Acacia Ridge is a southern suburb in the City of Brisbane, Queensland, Australia. In the , Acacia Ridge had a population of 7,486 people.

== Geography ==
Acacia Ridge is 15 km south of the central business district. It is within the local government area of City of Brisbane.

Primarily residential, Acacia Ridge is also known for its heavy industrial area in the suburb's east, occupying much of the suburb's area east of Beaudesert Road.

== History ==
The name Acacia Ridge derives from the number of Acacia species growing in the area.

In October 1884, 275 allotments of "Flemington Estate" were advertised for sale by T. Howling & Co. A map advertising the sale states that the estate was close to the Coopers Plains railway station and that coaches passed the estate every day.

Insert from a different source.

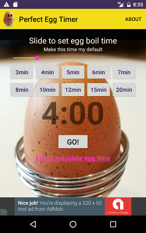 * ใหม่ ให้เราคำนวณเวลาไข่ที่สมบูรณ์แบบของคุณ เลือกลิงค์ภายใต้ GO! ปุ่ม.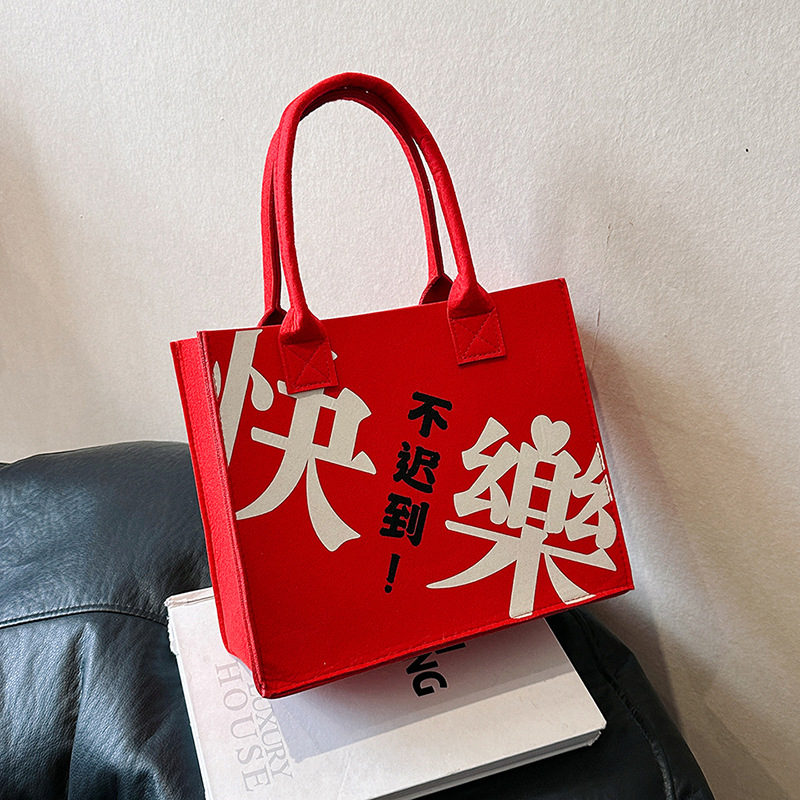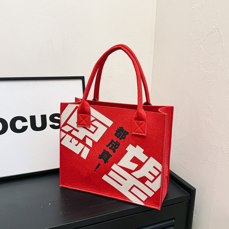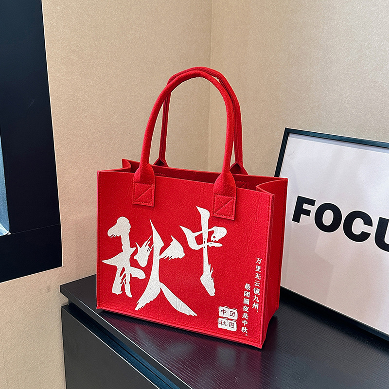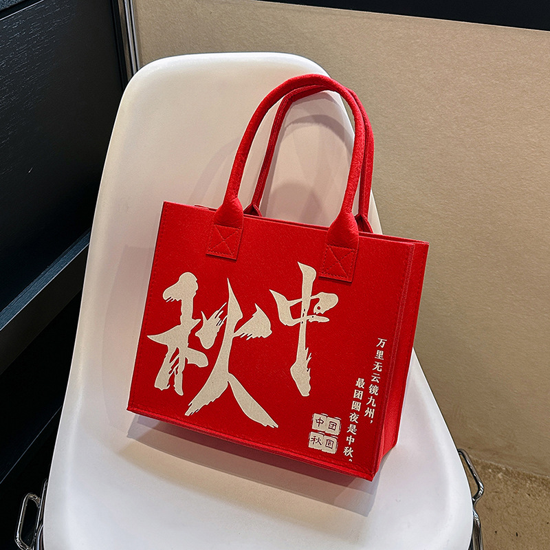 红色中秋毛毡包定制毛毡手提袋婚庆伴手礼礼品袋手提包托特收纳包

Cooper's Plains Provisional School opened on 1 April 1869, later becoming Cooper's Plains State School. On 10 July 1956, it was renamed Acacia Ridge State School. The school was at 1277 Beaudesert Road. After the closure of Acacia Ridge State High School in 1997, Acacia Ridge State School relocated to the high school site in Nyngam Street, while the Murri School took over the Beaudesert Road site.

The suburb was established after World War II to house returning servicemen and their families. Many of the original post-war dwellings still stand today.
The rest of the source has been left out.